Here’s a question to my brothers and sisters, and to myself: “Do you have any friends who are not followers of Jesus? Good friends?” This may be a question we have to take seriously because it appears that this was the main way people were brought to faith in the early days of Christianity.
 
By most estimates, the church grew by about 40 percent per decade in the first 300 years of its life. How did that happen? Mike Aquilina writes:

When Christianity was an illegal underground movement, it spread from friend to friend. That was the only way it could spread. And anyone who became a Christian was making a big sacrifice just by that very identity. You could die in one of the periodic persecutions. But even if you didn’t get thrown to the beasts — as obviously most Christians didn’t — you still had to be watchful all the time. It was a pagan world out there, and everything conspired to pull Christians away from their straight and narrow path back to the easy road. (Mike Aquilina, Friendship and the Fathers [Steubenville, OH: Emmaus Road, 2021], 9.)

He further reminds us:

Christianity certainly didn’t have force on its side (then), and Christians couldn’t rent halls and have big revival meetings to convert the heathens. The only thing they had going for them was an apostolate (an evangelistic activity) of friendship. Christians made friends and then they made their friends Christians. (Aquilina, 5.)

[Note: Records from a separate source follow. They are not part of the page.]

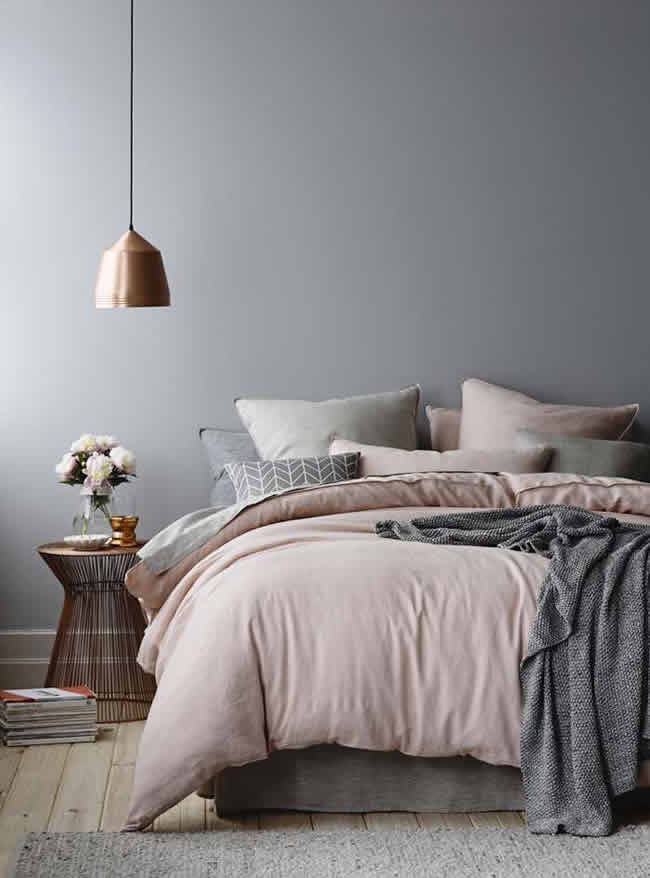 Сочетание, ставшее классическим, открывает наш список вариантов цветовых комбинаций для интерьера спальни. Оттенки можно применить при облицовке стен и для постельного белья, дополняя светло-серый и нежно розовый блестящими медными аксессуарами (освещение, декор)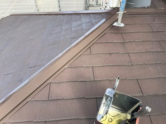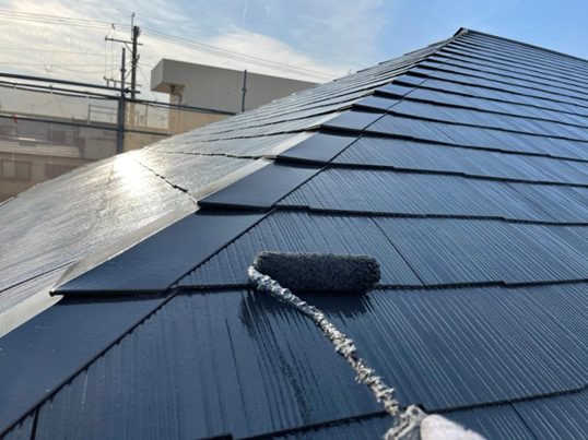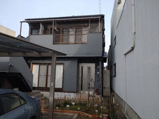 屋根の色は打合せで外壁色に合わせた落ち着いたカーボングレーに決まり、2箇所割れていた部分もありましたがコーキングと塗装での補修で対応し、携帯電話で工程の写真を見て頂いたり完工時の写真と説明で喜んで頂きました。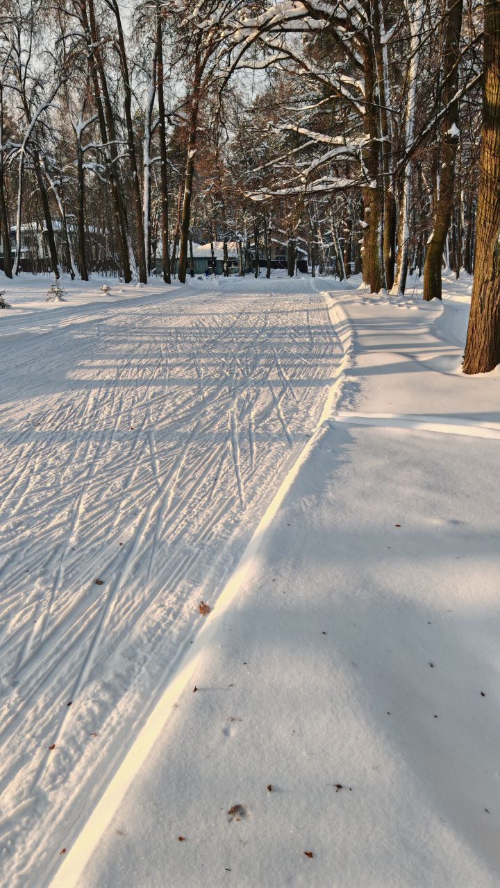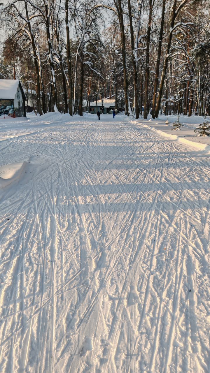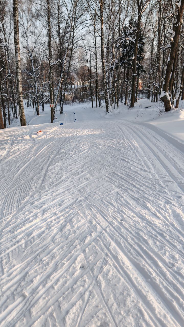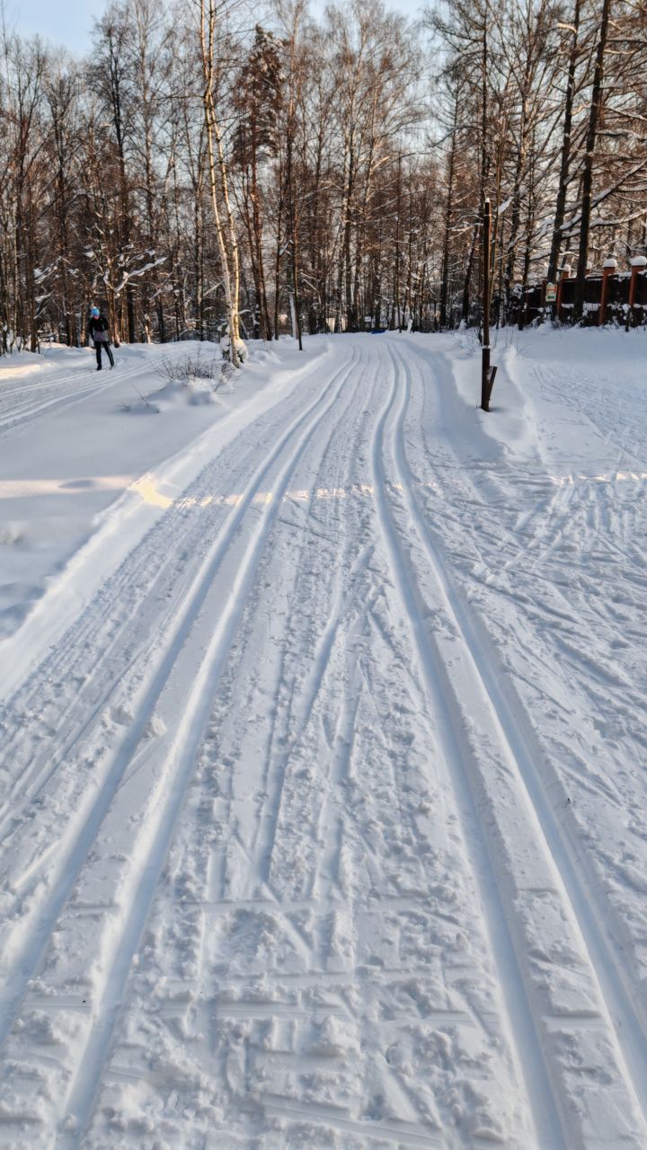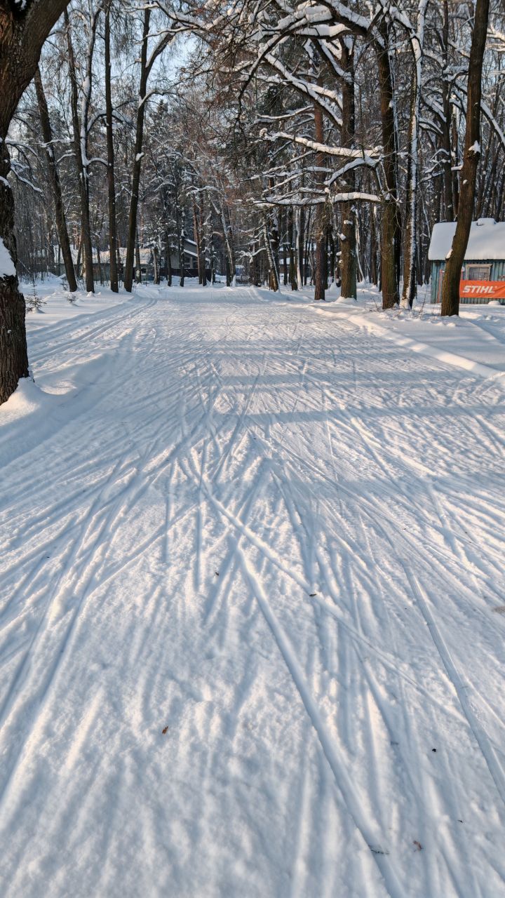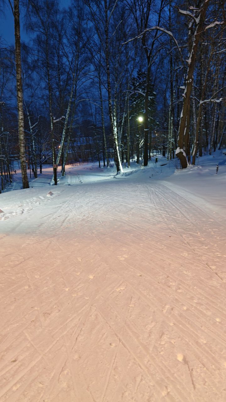С каждым днем все лучше и лучше. По полному 3км кругу на боевых лыжах, правда только коньком. Все ровно, широко, мусора нет!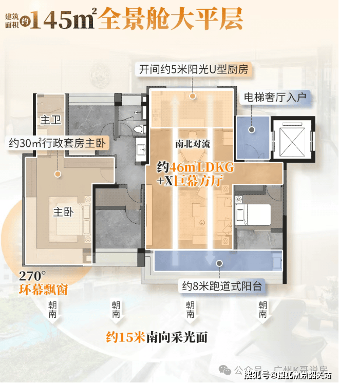 建面约一百四十三平方米全景舱奢宅,打造约四十六平方米 LDKG 大方厅,南北通透的布局让空间采光与通风效果拉满,契合高端改善家庭的生活场景;同样采用中西双厨设计,U 型中厨搭配岛式西厨,洄游式空间设计更适合家庭聚会与好友宴请;主卧为约三十平方米行政主套,配备豪华衣帽间与二百七十度转角飘窗,观景视野无边界,居住体验媲美顶豪产品。还有约一百四十五平方米停机坪大平层户型,打造约六十七平方米 LDKG 一体化超大客厅,实现二百七十度环幕采光,专梯入户设计搭配约十平方米巨无霸电梯厅,进一步提升归家私密性与空间尺度感。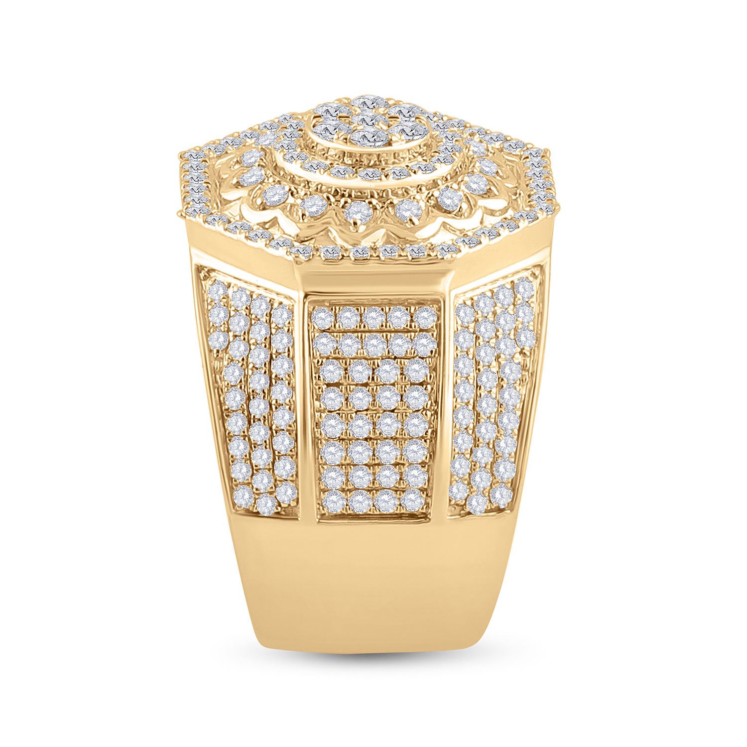 14kt Yellow Gold Mens Round Diamond Octagon Statement Cluster Ring 3-1/2 Cttw

The church today, especially in places like Singapore, are not illegal — we can afford to rent big stadiums and, by and large, we can run whatever evangelistic programmes we want. Therefore, we must ask why the church isn’t growing as significantly as it did in the days of the early church? Could one reason be the fact that we no longer know how to make friends? And by this I am not talking about a programme like friendship evangelism where friendship becomes a means to an end. When non-Christians realise that you are not really out to care for them but that you befriend them just to convert them, they would feel betrayed. I know I would. I am talking about reaching out with genuine love to people; that we make friends because we want to walk with them, because we want to be committed to mutual care.
 
We are in the midst of a raging culture war where there are forces pressing in on things we know to be wrong. We must believe that God is sovereign while we do what we need to in order to stand for what is right and true. But I do not want us to adopt a siege mentality that stops us from reaching out to those different from us. We want to follow Jesus who knew what was right and wrong, and who knew when it was time to call people to repent, but who made friends with all sorts of people and shared meals with them.
 
One truth affecting Christian and non-Christian alike is that we live in a lonely world. But we worship a God who reached out to us in friendship (John 15:15).

. . . if God—who has no equal—has befriended us, who are we to place anyone outside the reach of our friendship? If Christianity is participation in the divine life, then grace makes us omni-capable in friendship. We can be friends with the most unlikely people. (Aquilina, 6.)

I think we are long overdue for a revolution of friendship. First, within the church because the church can be as lonely, if not more lonely, than the world. Then, the church can be a training ground for friendship that equips us for befriending a lost and lonely world.